Hedge Fund Investors: Read Your Fine Print
But frankly, who in his right mind would invest in a hedge fund without knowing that he can lose every penny? It is mind-boggling to think that someone with that much money would not know the risks he or she is incurring.
For those who don't know what a hedge fund is, it's a highly risky investment program that escapes from most of the federal restrictions and regulations. Unfortunately, there are many large pools of funds that are invested in hedge funds, and one of them could be your own IRA, pension fund or insurance policy. If you have access to the manager of your retirement funds or your life insurance company, please call them and find out what's being done with your future income. Even some money market funds are invested into hedge funds.
The times are precarious. Amaranth was only the first and most visible recent fund collapse, and it wasn't even involved in mortgages. We've now had two more balloons pop, over at Bear Stearns and another one in London, all three based on subprime loans.

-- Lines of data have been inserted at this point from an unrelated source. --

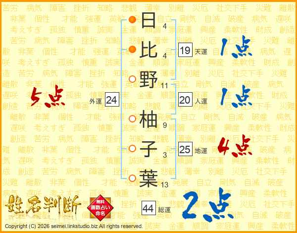 日(4画)比(4画)野(11画) 柚(9画)子(3画)葉(13画)
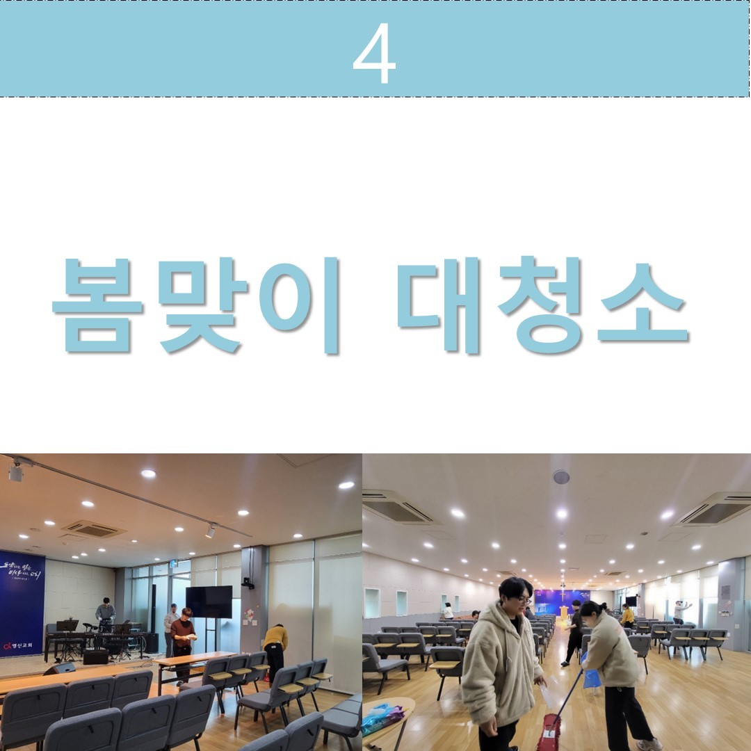 신입생 / 대청소 / 청년주일 / 청년헌신예배 / 고난주간특새특송 / 어버이주일
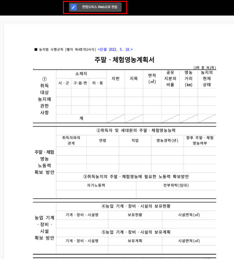 상단에 있는 "한컴 오피스 web으로 편집" 버튼을 선택해주세요. 기본적인 글자 수정, 표 편집, 서식 변경 등 꼭 필요한 기능은 모두 갖추고 있어 가벼운 문서 편집에는 충분합니다. 과제·업무 보고서·표 수정 정도라면 문제없이 사용할 수 있어 실용성이 매우 높습니다 ✏️
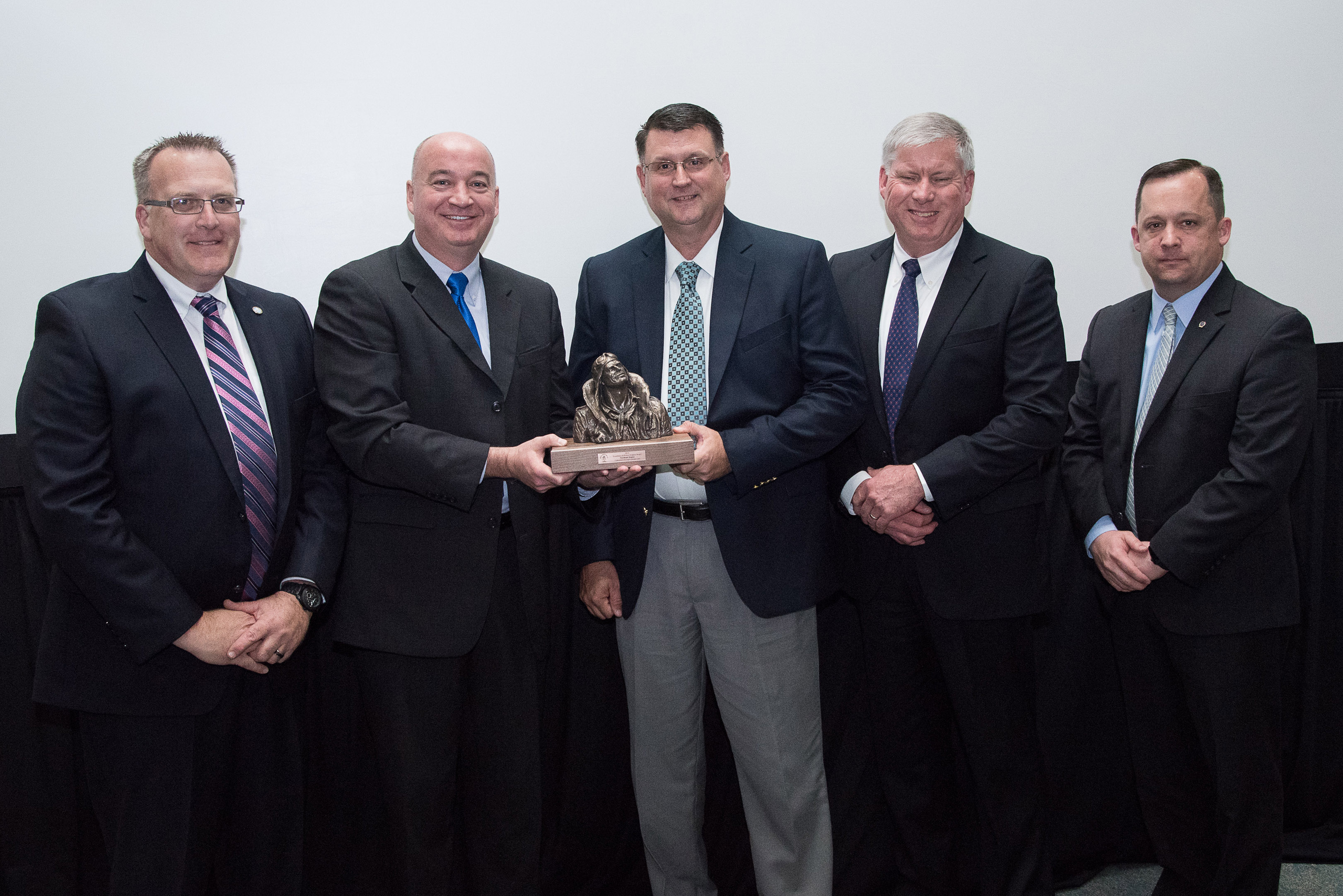 Left to right: Don Roby, training program manager, Airborne Law Enforcement Association, chair, IACP Aviation Committee; Carl Crenshaw, key segment specialist, Bell Helicopter Textron, Inc.; B.J. Maxson, lieutenant, Grand Forks Sheriff’s Department; Alan Frazier, associate professor, Department of Aviation, University of North Dakota; and Eric S. Plummer, chief, University of North Dakota Police Department
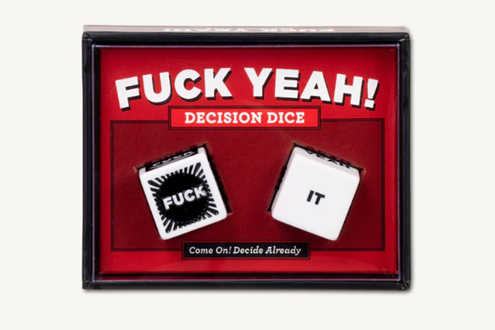 Address life's tough decisions with a roll of the dice! Two 6-sided dice—one that says "fuck" on all sides, and the other with words like "yeah" and "no"—combine to give you the answers you've been looking for. Your decision-making process just got a whole lot easier—so, what the f*ck are you waiting for?
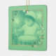 El adorno está decorado con un cuadro del pequeño tamborilero en tonos verdes con un borde dorado. La imagen está a ambos lados del adorno. La canción "Little Drummer Boy" me inspiró a crear la imagen.

My insider information tells me that those in the know should watch for monthly CDO mark-to-market figure declarations soon after the end of each month. The financial industry must declare certain numbers at that time, and also at their respective financial-year-ends. Unfortunately, however, they can lie, so try to read between the lines.
Keep your eyes and ears peeled during the first week or so of each month, for more crap to hit the fans. This should be a wild ride, and if it's not, I'll eat my hat. (It's made of straw and should go down nicely with a little vinaigrette and a sip of cabernet.)